Hepcidin regulation of iron transport

James F Collins, Marianne Wessling-Resnick, Mitchell D Knutson, James F Collins, Marianne Wessling-Resnick, Mitchell D Knutson

Abstract

The discovery of hepcidin as a key regulator of iron homeostasis has advanced our current knowledge of this field. Liver-derived hepcidin peptide is secreted in response to iron and inflammation and interacts with the iron export protein ferroportin.
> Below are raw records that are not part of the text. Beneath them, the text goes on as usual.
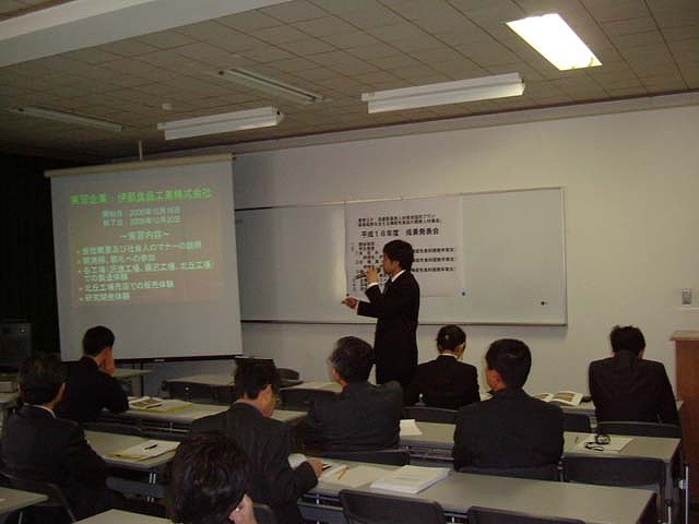 成果発表会には、小宮山学長をはじめ、本教育プロジェクトに関係する企業の役員、学生及び大学関係者約50名の方々が出席し、昨年10月から約3ヶ月間にわたり、地元企業(伊那食品工業株式会社,養命酒製造株式会社)で研修した機能性食料開発学専攻院生の末田さん、古畑さん及び後藤さんが、技術だけでなく、企業活動全体を通して学んだことについて成果発表を行いました。
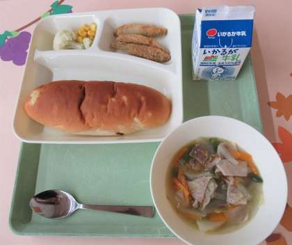 わかさぎフライ、スープ、カリフラワーとコーンのサラダ、パン・牛乳
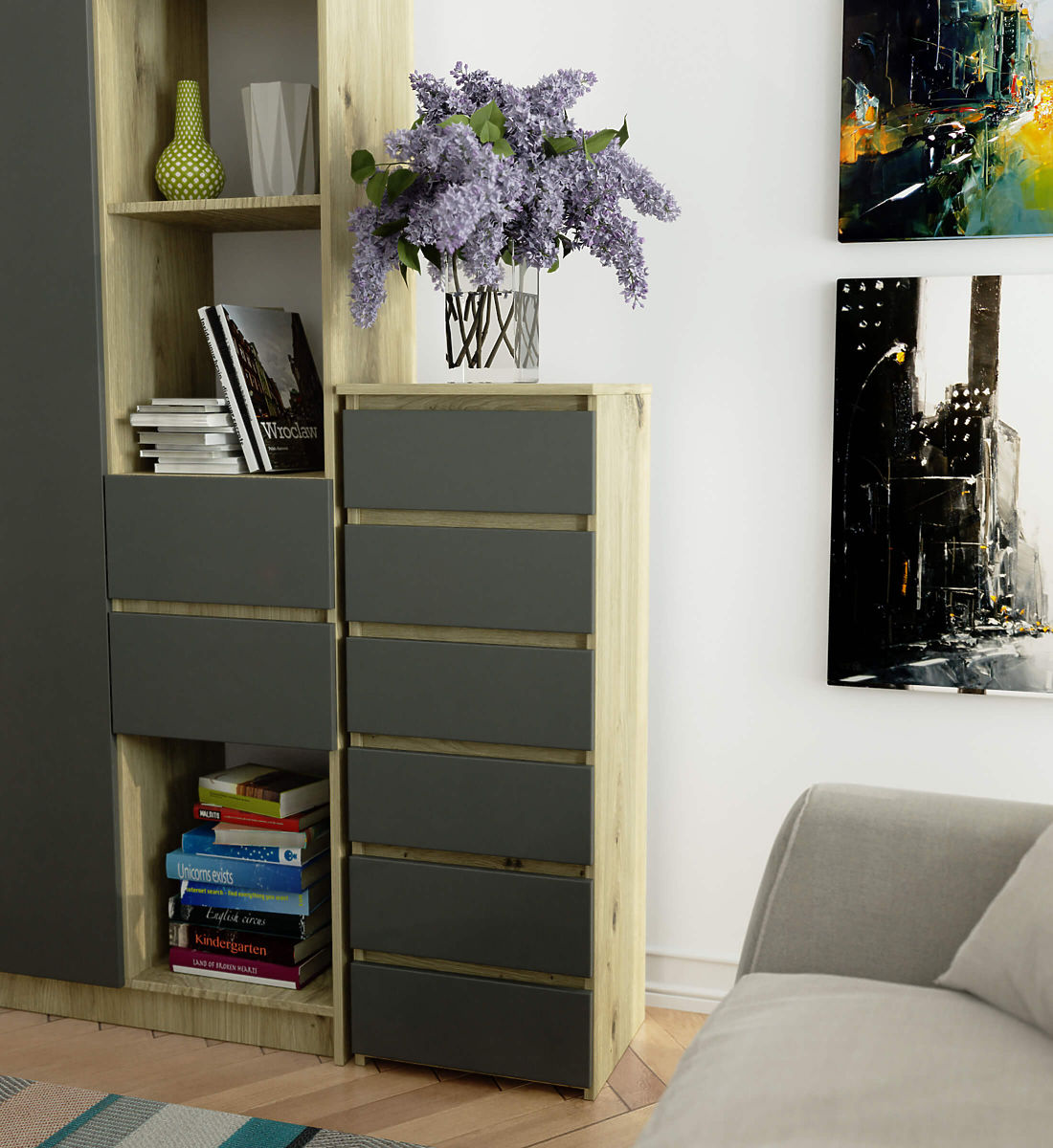 Dressers are a popular type of furniture placed next to the bed. A lamp is most often found on its top, while inside are items that facilitate rest and sleep. Those looking for an elegant dresser should pay attention to the CL6 40 cm dresser in artisan oak color with gray fronts. It will look beautiful in any bedroom. It can also be placed in a children's room.
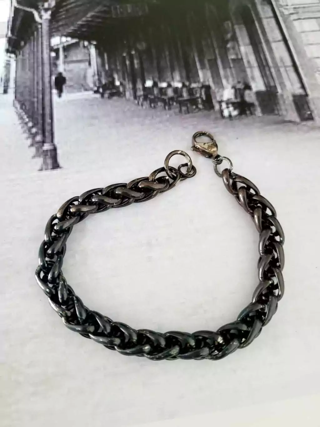 Pulsera tubular de 0,7 cm de ancho, pavonada y laqueada, lo que hace que perdure su color.
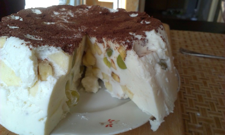 Заливаем весь желатин молоком и отставляем в сторону. Пока желатин набухает миксером смешиваем творог и сахар до однородной массы. Фрукты моем и нарезаем на кусочки. Желатин нагреваем до 50-60 градусов чтоб все растворилось (но не кипятим). Затем все смешиваем и заливаем в силиконовую форму и на ночь в холодильник.

This review summarizes recent advances discussed at the Symposium. A particular focus is on molecular interactions between hepcidin and ferroportin, the regulation of hepcidin expression by iron and inflammation, and emerging methods to measure serum hepcidin in human populations.

Figures

FIGURE 1
FIGURE 1
Regulation of body iron homeostasis by hepcidin. Hepcidin is secreted primarily by hepatocytes into the circulation, where it functions to inhibit iron absorption in the proximal small intestine and iron release from RE macrophages by binding to its receptor ferroportin and causing its internalization and degradation. Hepcidin gene expression is down-regulated by low tissue oxygen tension and by increased erythropoietic demand and up-regulated by increased body iron stores and infection or inflammation. Up-regulation of hepcidin gene expression during infection and inflammation is in part mediated by IL-6. Signals emanating from these physiological effectors are transduced into the nucleus to regulate hepcidin gene transcription via interaction of the hepcidin gene promoter with several proteins including TfR2, a complex of HFE with TfR1, HJV, SMAD4, and BMP. Hepcidin produced by hepatocytes may also have autocrine and/or paracrine effects on various cell types in the liver, and hepcidin produced by other cell types and tissues may have similar effects. Hepcidin produced by nonhepatic tissues contributes little to circulating hepcidin levels but may have important local effects.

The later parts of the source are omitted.